Vila ConViver, voltada para docentes aposentados ou com mais de 50 anos, foi apresentada pelo GTMoradia/ADunicamp e terá novo encontro no próximo dia 26

 

Mais de 120 professores assistiram, na sexta-feira (07), a primeira apresentação do projeto da Vila ConViver, desenvolvido pelo GTMoradia/ADunicamp e que propõe opções de moradia baseadas no modelo de “comunidades intencionais” para docentes aposentados ou em vias de se aposentar.

Após a apresentação, que foi feita em dois horários diferentes – no início da tarde e à noite – o GTMoradia anunciou um próximo encontro, no próximo dia 26 de abril, na ADunicamp, voltado para aqueles professores com idade superior a 50 anos que queiram integrar o projeto de implantação da Vila ConViver.

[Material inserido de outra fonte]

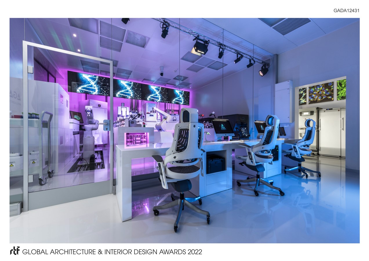 The planning paid attention to the laboratory space in which hi-end scientific instruments were placed. The result is a robotic state-of-the-art facility that looks both antique and futuristic.

Essa também será uma oportunidade para aqueles que não puderam estar presentes no Encontro do dia 7 conhecerem mais sobre a proposta.

“Nesse primeiro encontro, apresentamos os resultados dos estudos feitos pelo nosso grupo, com o objetivo de criar opções de moradia para os nossos colegas docentes já aposentados ou em vias de se aposentar. A partir de agora, vamos reunir aqueles professores que realmente têm interesse em buscar uma opção muito melhor de moradia, para darmos andamento à implantação da Vila ConViver”, afirma o professor Bento da Costa Carvalho Junior FEA/DTA – Unicamp, coordenador do GTMoradia.

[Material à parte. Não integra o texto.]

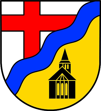 Wappenbegründung: Die Farbe Rot und das rote Kreuz stehen für die Zugehörigkeit zum Kurfürstentum Trier, der Wellenbalken symbolisiert den Fluss Nims, der den Ort durchfließt. Bereits 1346 wird der Kirche der heiligen Helena ein Ablass durch Papst Clemens VI. gewährt. [1]
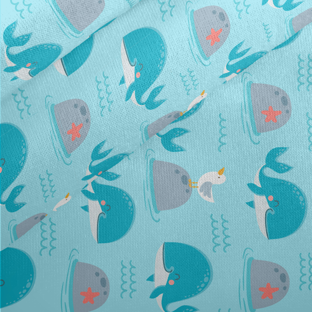 Lively Whale And Seagull Jersey Backed Fleece
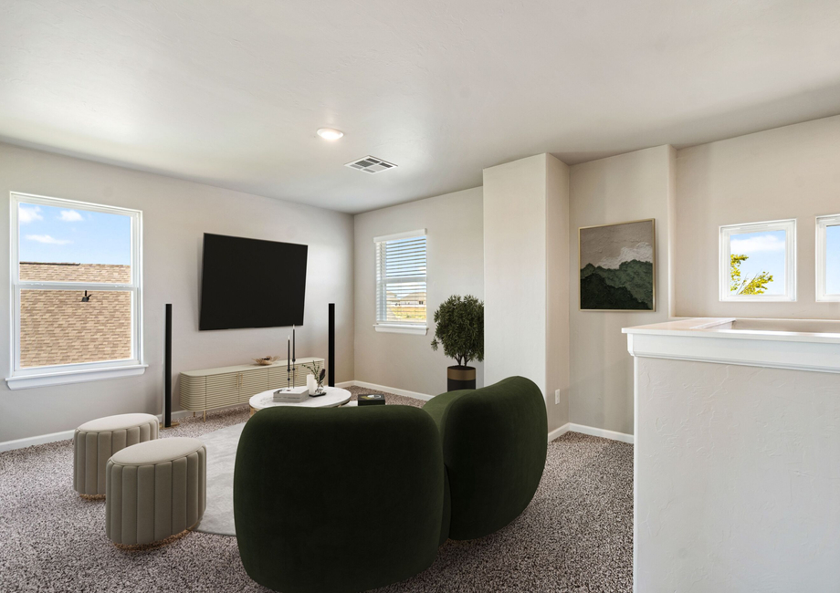 The upstairs game room loft in the Murray floor plan offers a versatile and inviting space perfect for a range of uses. This flexible area can be easily transformed into a playroom, a home office or a cozy lounge, depending on your family's needs and preferences. Its location away from the main living areas provides a sense of separation and privacy, making it an ideal spot for relaxation or entertainment. The game room loft enhances the home’s functionality, providing the space that your family desires.

DOIS ANOS DE ESTUDOS ATÉ CHEGAR AO PROJETO DA VILA
Até chegar à proposta da Vila ConViver , o GTMoradia estudou durante mais de dois anos os modelos de moradia para a terceira idade existentes em vários países e optou por desenvolver o projeto a partir do conceito de cohousing, um sistema de “comunidade intencionais” criado originalmente na Dinamarca, há mais de 40 anos, e que hoje se espalha por diversos países e abriga moradores de diferentes perfis sociais, culturais e econômicos.

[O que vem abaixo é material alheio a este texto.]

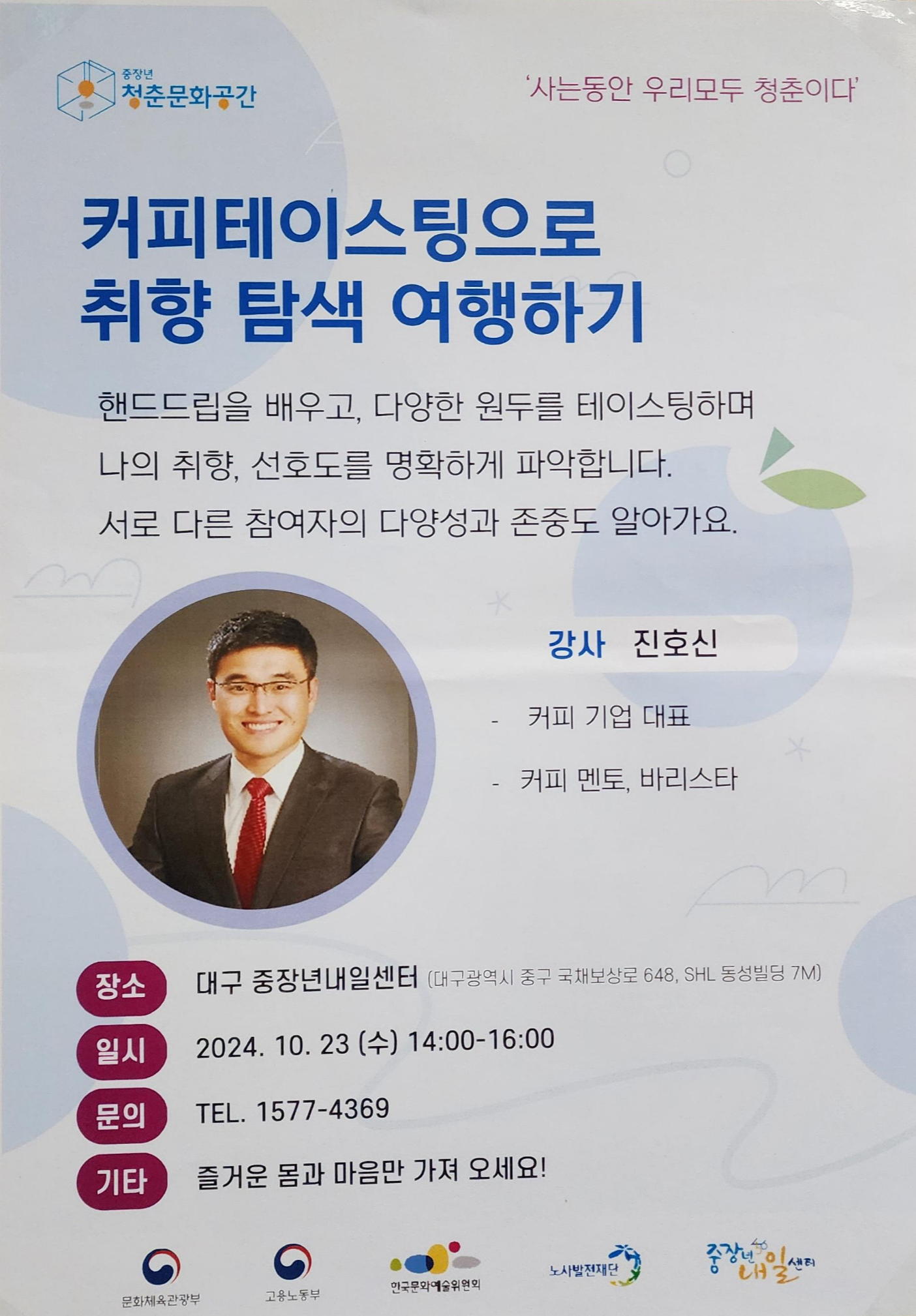 #커피교육 #청춘문화사업 #대구중장년내일센터 #커피워크샵 #핸드드립체험 #힐링강의 #소통워크샵 #중장년프로그램 #직장인소통 #커피멘토시니 #PermeateCoffee #커피클래스 #대구강의 #커피특강 #기업강의

Logo no começo do encontro, que ocorreu no auditório da ADunicamp, o professor Bento lembrou que a decisão de iniciar os estudos partiu de demandas colocadas por um grupo de professores aposentados. Há dois anos, foram feitas diversas reuniões para discutir demandas e propostas dos associados e, entre os aposentados, uma das propostas recorrentes era a de construção de moradias apropriadas à terceira idade.

“Obviamente, construir moradias está fora da alçada da ADunicamp, mas decidimos criar um grupo de estudos, para encontrar soluções que atendessem a essa demanda”, relatou. “E quando começamos ninguém tinha a menor ideia de onde iríamos chegar”.

Como a demanda por opções de moradia partira de professores aposentados, o GTMoradia centrou fogo, inicialmente, em estudos sobre os modelos hoje existentes de conjuntos residenciais ou de instituições de acolhimento e atendimento de idosos.

Os modelos que viram, no entanto, não ofereciam alternativas que fossem além das opções um pouco mais adaptadas dos condomínios tradicionais. Mas, quando começaram a estudar os modelos de “comunidades intencionais”, os integrantes do GTMoradia descobriram um caminho que os surpreendeu.

As “comunidades intencionais” tem uma longa história em diversos países – desde os kibutzim em Israel, até as comunidades originadas do movimento hippie na década de 1960 – mas ganharam força a partir do desenvolvimento do conceito de cohousing (collaborative housing), que surgiu na Dinamarca, um pouco mais tarde.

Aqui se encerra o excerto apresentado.